Towards Quantitative Microbiome Community Profiling Using Internal Standards

Affiliations

Towards Quantitative Microbiome Community Profiling Using Internal Standards

Yajuan Lin et al. Appl Environ Microbiol. .

Abstract

An inherent issue in high-throughput rRNA gene tag sequencing microbiome surveys is that they provide compositional data in relative abundances. This often leads to spurious correlations, making the interpretation of relationships to biogeochemical rates challenging. To overcome this issue, we quantitatively estimated the abundance of microorganisms by spiking in known amounts of internal DNA standards. Using a 3-year sample set of diverse microbial communities from the Western Antarctica Peninsula, we demonstrated that the internal standard method yielded community profiles and taxon cooccurrence patterns substantially different from those derived using relative abundances. We found that the method provided results consistent with the traditional CHEMTAX analysis of pigments and total bacterial counts by flow cytometry.
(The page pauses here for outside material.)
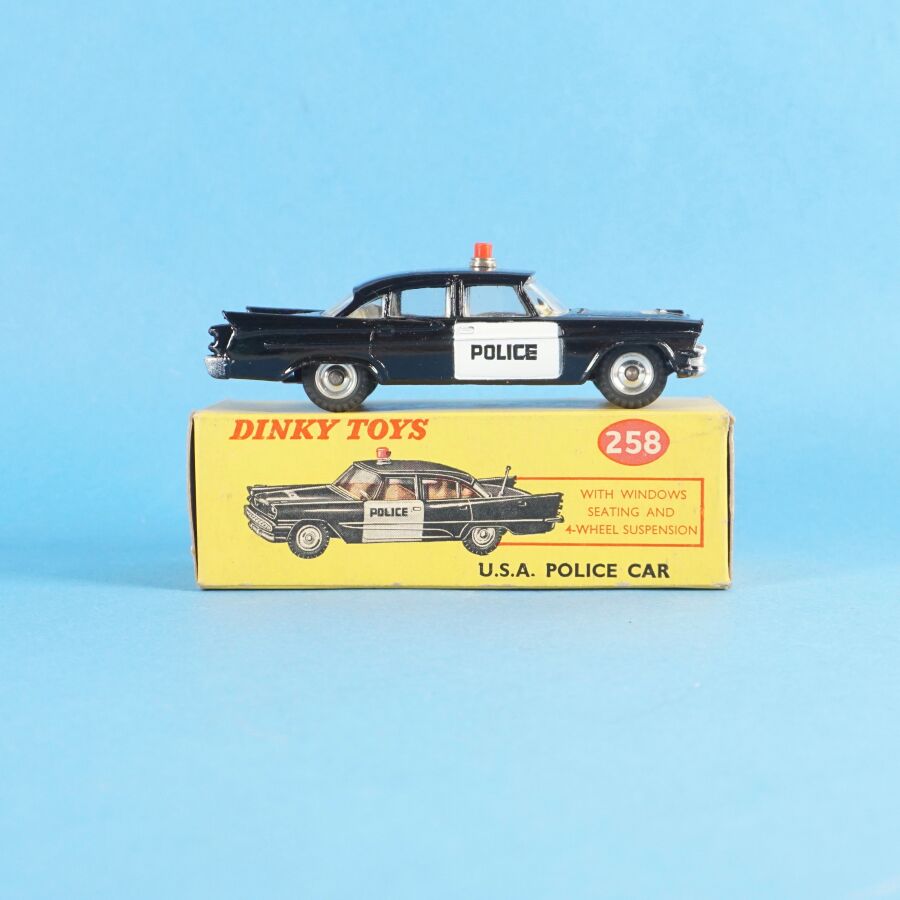 DINKY TOYS : U.S.A Police car, réf. 258, échelle 1/43ème, avec glaces, présenté dans sa boîte d'origine (petites usures à la boîte, infime écaillure).
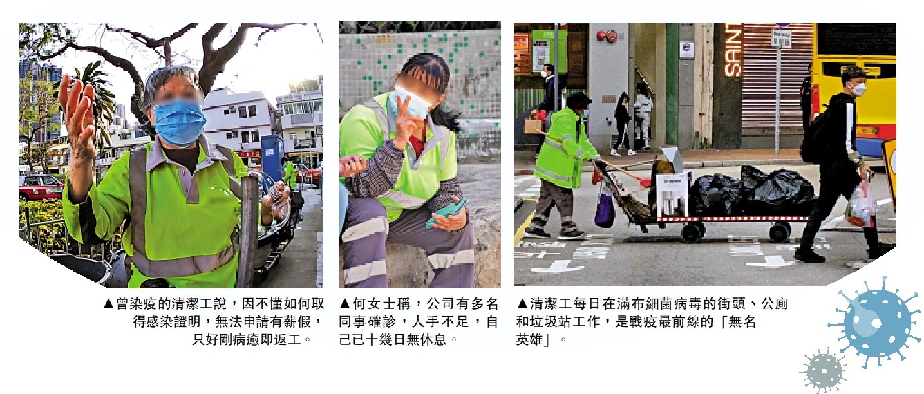 (大公報記者 盛德文、調查組)戶外清潔工每日走在滿布細菌病毒的街頭、公廁和垃圾站工作,是嚴峻疫情下最危險的工種之一。大公報記者近日實地直擊多區清潔工的苦況,當中不少是白髮長者,也有染疫剛癒為餬口而「頂硬上」復工的老婦,惹人憐憫。

Using the internal standard method, we also showed that chloroplast 16S rRNA gene data in microbial surveys can be used to estimate abundances of certain eukaryotic phototrophs such as cryptophytes and diatoms. In Phaeocystis, scatter in the 16S/18S rRNA gene ratio may be explained by physiological adaptation to environmental conditions. We conclude that the internal standard method, when applied to rRNA gene microbial community profiling, is quantitative and that its application will substantially improve our understanding of microbial ecosystems.IMPORTANCE High-throughput-sequencing-based marine microbiome profiling is rapidly expanding and changing how we study the oceans. Although powerful, the technique is not fully quantitative; it provides taxon counts only in relative abundances. In order to address this issue, we present a method to quantitatively estimate microbial abundances per unit volume of seawater filtered by spiking known amounts of internal DNA standards into each sample. We validated this method by comparing the calculated abundances to other independent estimates, including chemical markers (pigments) and total bacterial cell counts by flow cytometry. The internal standard approach allows us to quantitatively estimate and compare marine microbial community profiles, with important implications for linking environmental microbiomes to quantitative processes such as metabolic and biogeochemical rates.

Keywords: amplicon sequencing; community profiling; internal standard; marine microbiome.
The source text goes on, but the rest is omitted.